Activity Backward Compatibility (was re: Re: joyride 2128 smoketest)

Marco Pesenti Gritti mpgritti at
Sun Jul 13 06:47:03 EDT 2008

On Sat, Jul 12, 2008 at 1:43 PM, Morgan Collett
<morgan.collett at> wrote:
> On Sat, Jul 12, 2008 at 00:56, Greg Smith <gregsmitholpc at> wrote:
>> Hi Guys,
>> We should definitely have backward compatibility for activities!
> In my opinion, there should be compatibility from one release to the
> next. APIs should not break from release to release unless critically
> necessary. If there is a new way of doing things which is better, the
> old way should still work - but it should warn in the log files that a
> deprecated API is being used.
> We should announce API deprecations - and API breaks where necessary -
> in advance of a new release (as well as release notes) so that
> activity authors are well aware of what is happening. This is done for
> Python releases, for example, giving people details on how to update
> python code from one version to another.

This sounds pretty good to me for Glucose at his current stage. Could
you put it on the SugarLabs wiki under DevelopmentTeam (making clear
it's under discussion)?

When the project is more mature I'd like to adopt something like the
GNOME ABI policy, but we are definitely not there yet.

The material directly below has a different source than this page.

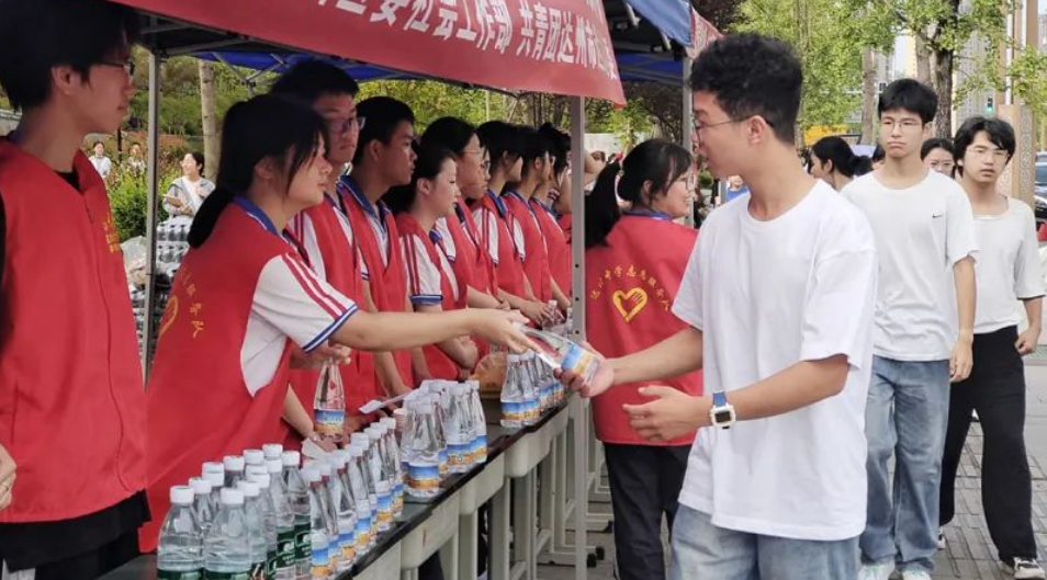 高考期间,学校搭建了志愿者服务点,组织志愿者在考点内外开展志愿服务。“你好,这里有免费的矿泉水和防暑物品”,身着红马甲,手拿矿泉水、药品的志愿者们面带微笑,递给过往的考生和家长,并不断为考生们加油打气,送上美好的祝福。

>> That is, activities that used to work (maybe starting at 656) must
>> continue to work. If a new release requires that all activity authors
>> have to recode some of their work, that will be a major deterrent to
>> working with us.
> 65x releases did not have Rainbow running, so activities could access
> and write to places on the filesystem which are no longer possible.
> For that reason we can only really focus on activities which already
> run on Rainbow.

Yeah, I think we can only really start from Update.1

>> Its also a deterrent to deployments upgrading, assuming they find out
>> their activities are broken before they upgrade.
>> I understand that we do not have backward compatibility in 8.2.0 as it
>> currently stands.
> My understanding is that we made no particular guarantees, and while
> we did not intentionally break APIs, some things may have broken along
> the way.

For Glucose I'm happy to consider breaks from Update.1 as bugs.

> I think our development process should include some sort of
> compatibility management - perhaps as I mentioned above with API
> support between two consecutive releases - and this could be enforced
> or monitored with some sort of test activity (or test suite) that uses
> the various Sugar APIs and reports on failures.

Yeah, as I asked above let's start to document ABI policy in the wiki.
Violation of the policy will be considered very high priority
(blockers?) bugs.

>> Can we bound the test problem by saying that all "well behaved"
>> activities will continue to work?
> Unfortunately I think our APIs are insufficiently documented (or have
> been) so that even core activities are not guaranteed to be "well
> behaved".
>> If we can define "well behaved" and not test activities that meet that
>> criteria it will save us a lot of test time.
> I think a better criteria would be "responsive activity authors" who
> make some kind of commitment to keep their activities up to date from
> release to release. I don't think we should spend resources testing
> arbitrary third party activities, but where we can maintain a
> responsive developer community we can include them in the process.

As soon as we have a clear policy, activity authors will be able to
report ABI breakage. Then on a case by case base we can decide on the
"well behaved" aspect.

>> Any other suggestions on how to bound this test challenge appreciated!

SugarLabs will make sure that the activities included in Fructose will
continue to work. You can see a list of them here:

For other activities it's really up to the author.

We should encourage the authors of activities that OLPC is interested
to "support", to get them included in Fructose. That way they will
follow a schedule which is compatible with the OLPC distribution one
and benefit from the community testing provided by SugarLabs.